▸ **Task instructions**: Pictures are to be left out, but please repeat each record exactly.

★ ★ ★ ★ ★ ★ ★

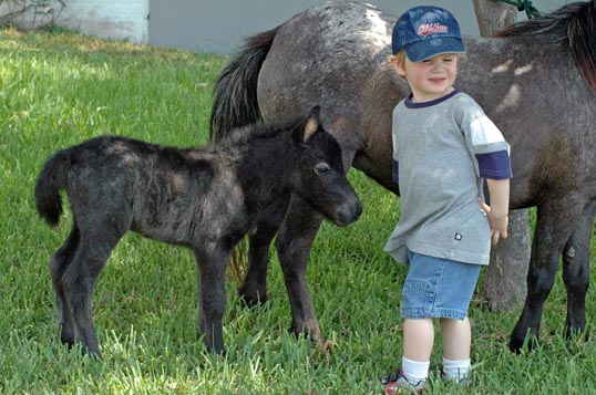 We celebrated the birth of our first grandchild, Grayson Tobias Taylor, May 10, 2005, and welcomed his first horse the next day! Grayson's mother, Lisa, showed the grand dam of this filly when she was a child, so this is a very appropriate start to his herd!
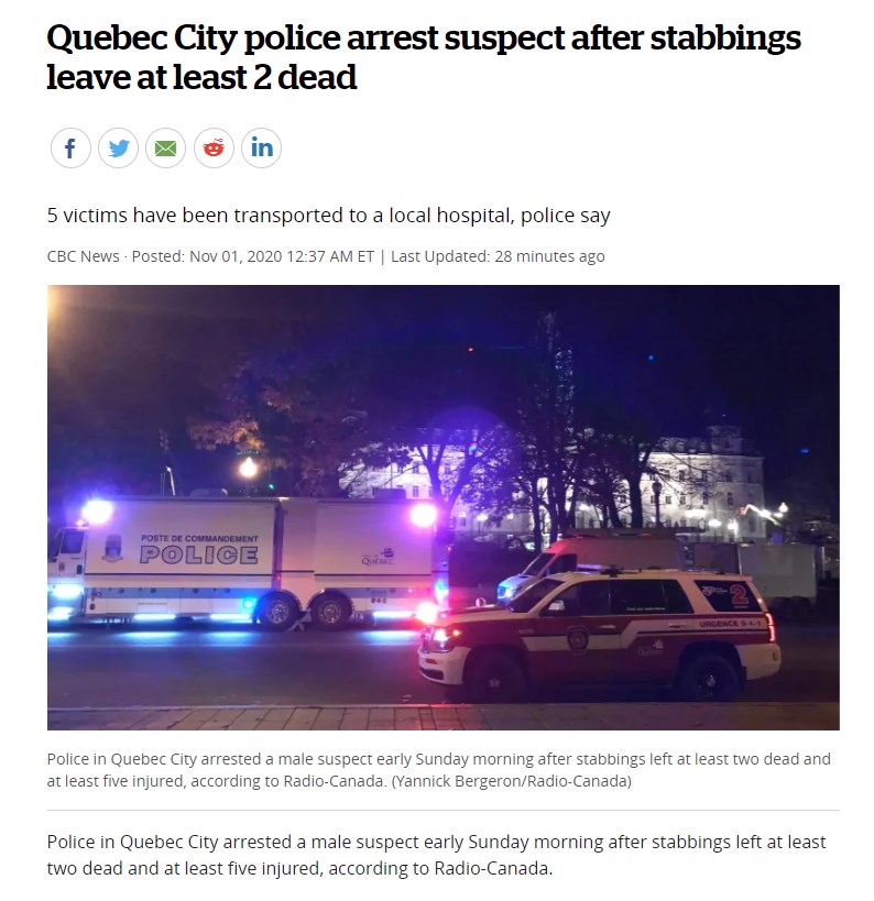 Τουλάχιστον δύο νεκροί και πολλοί τραυματίες στο Κεμπέκ του Καναδά έπειτα από επίθεση με μαχαίρι, όπως μεταδίσει το cbc.ca. Σύμφωνα με την καναδική αστυνομία ένας ύποπτος συνελήφθη. Το Radio-Canada αναφέρει ότι οι τραυματίες είναι τουλάχιστον πέντε και έχουν ήδη μεταφερθεί σε νοσοκομείο. Τα αίτια της επίθεσης δεν έχουν γίνει γνωστά. Ο εκπρόσωπος της αστυνομίαςμ Etienne Doyonμ έκανε λόγο για σοβαρή επίθεση που αναμένει να διευκρινιστεί γιατί έγινε. Οι πολίτες έχουν λάβει οδηγίες να παραμείνουν μέσα στα σπίτια τους.
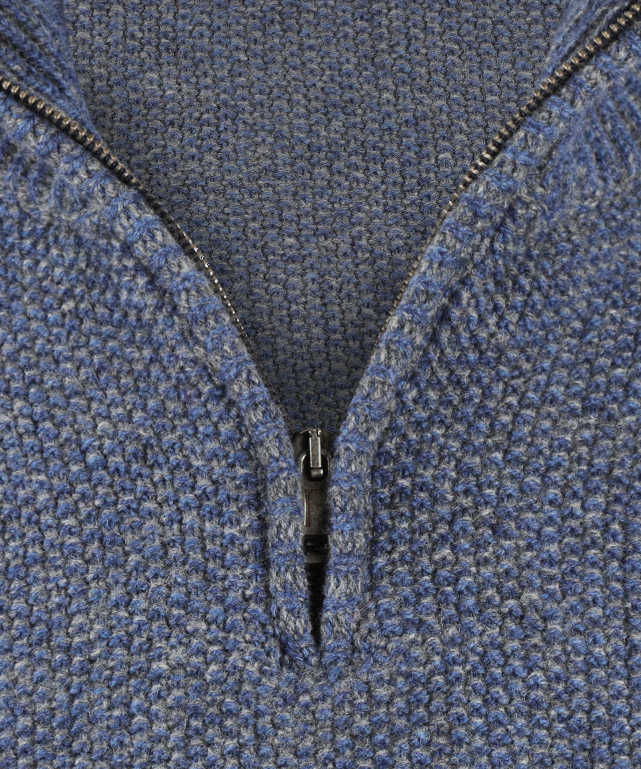 Fijne gebreide wollen ritskol pullover van de Ierse breier Fisherman.
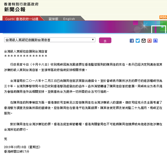 10月18日,香港特区政府发布新闻稿称,行政长官林郑月娥收到陈同佳的来信。信中,陈同佳称,已决定刑满后就其所涉嫌的杀人案到台湾自首,并请特区政府协助安排相关手续。
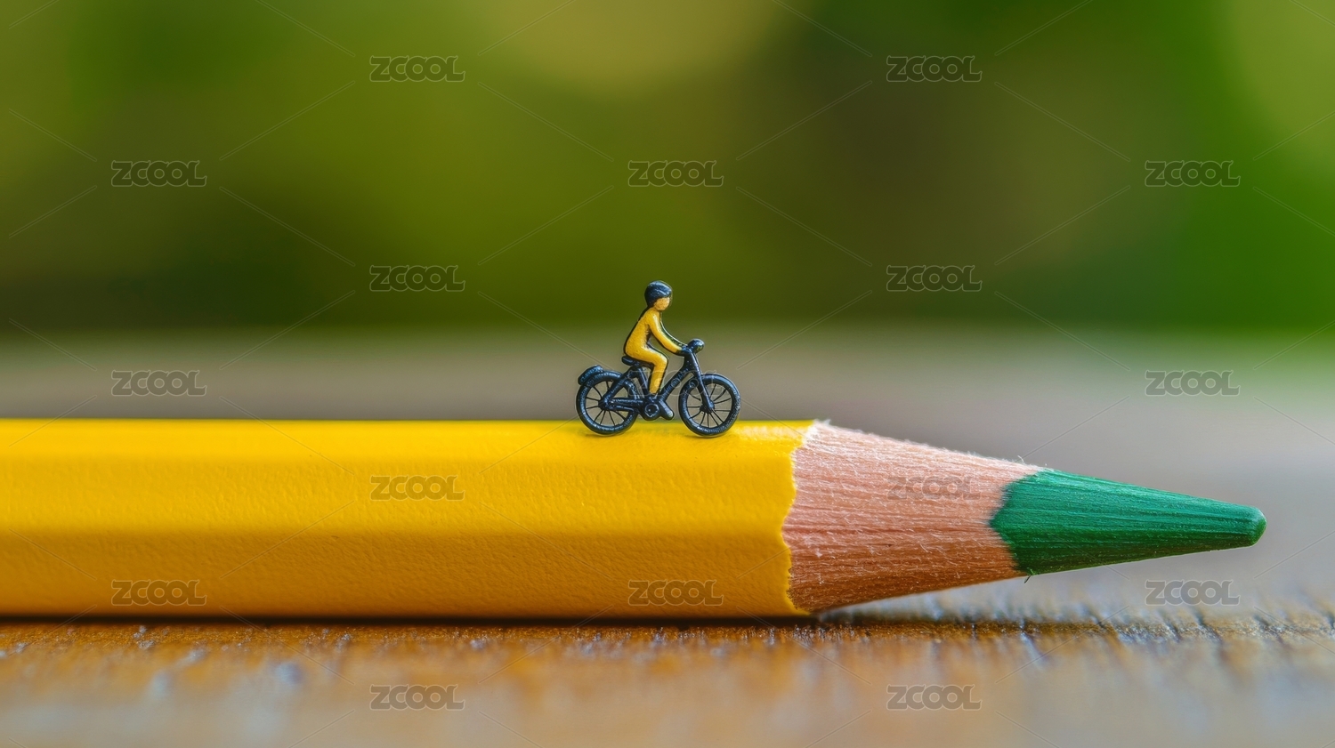 打开的空白古书上一支铅笔铅笔上一排骑行的
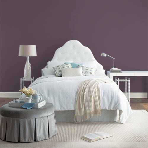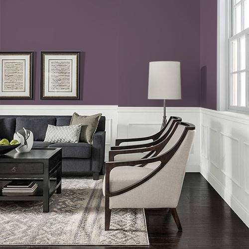 A rich sophisticated plum can accent a lovely dining room area. Use nature inspired greens to contrast the plum.
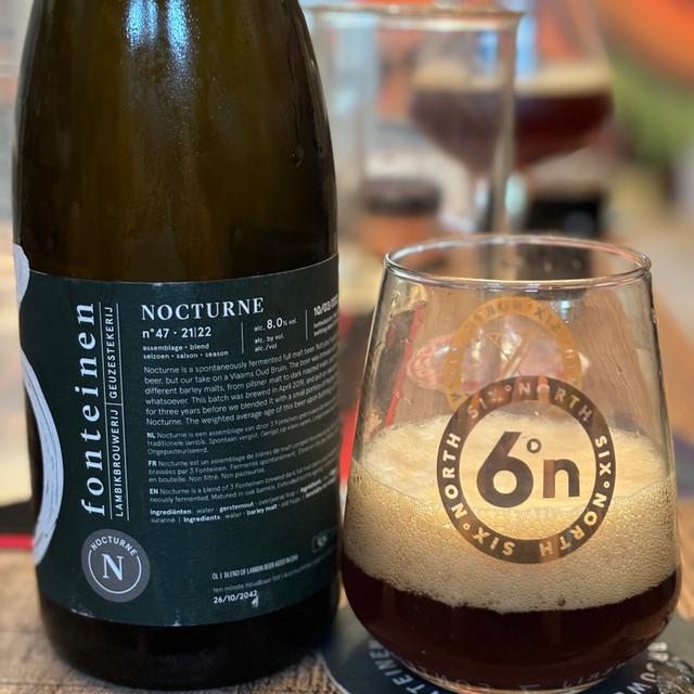 Nocturne is a spontaneously fermented full malt beer. Not your typical lambik beer, but our take on a Vlaams Oud Bruin. The beer was brewed with five different barley malts, from pilsner malt to dark roasted malts, and no wheat whatsoever.

★ ★ ★ ★ ★ ★ ★

▸ **Expected answer**:
 We celebrated the birth of our first grandchild, Grayson Tobias Taylor, May 10, 2005, and welcomed his first horse the next day! Grayson's mother, Lisa, showed the grand dam of this filly when she was a child, so this is a very appropriate start to his herd!
 Τουλάχιστον δύο νεκροί και πολλοί τραυματίες στο Κεμπέκ του Καναδά έπειτα από επίθεση με μαχαίρι, όπως μεταδίσει το cbc.ca. Σύμφωνα με την καναδική αστυνομία ένας ύποπτος συνελήφθη. Το Radio-Canada αναφέρει ότι οι τραυματίες είναι τουλάχιστον πέντε και έχουν ήδη μεταφερθεί σε νοσοκομείο. Τα αίτια της επίθεσης δεν έχουν γίνει γνωστά. Ο εκπρόσωπος της αστυνομίαςμ Etienne Doyonμ έκανε λόγο για σοβαρή επίθεση που αναμένει να διευκρινιστεί γιατί έγινε. Οι πολίτες έχουν λάβει οδηγίες να παραμείνουν μέσα στα σπίτια τους.
 Fijne gebreide wollen ritskol pullover van de Ierse breier Fisherman.
 10月18日,香港特区政府发布新闻稿称,行政长官林郑月娥收到陈同佳的来信。信中,陈同佳称,已决定刑满后就其所涉嫌的杀人案到台湾自首,并请特区政府协助安排相关手续。
 打开的空白古书上一支铅笔铅笔上一排骑行的
 A rich sophisticated plum can accent a lovely dining room area. Use nature inspired greens to contrast the plum.
 Nocturne is a spontaneously fermented full malt beer. Not your typical lambik beer, but our take on a Vlaams Oud Bruin. The beer was brewed with five different barley malts, from pilsner malt to dark roasted malts, and no wheat whatsoever.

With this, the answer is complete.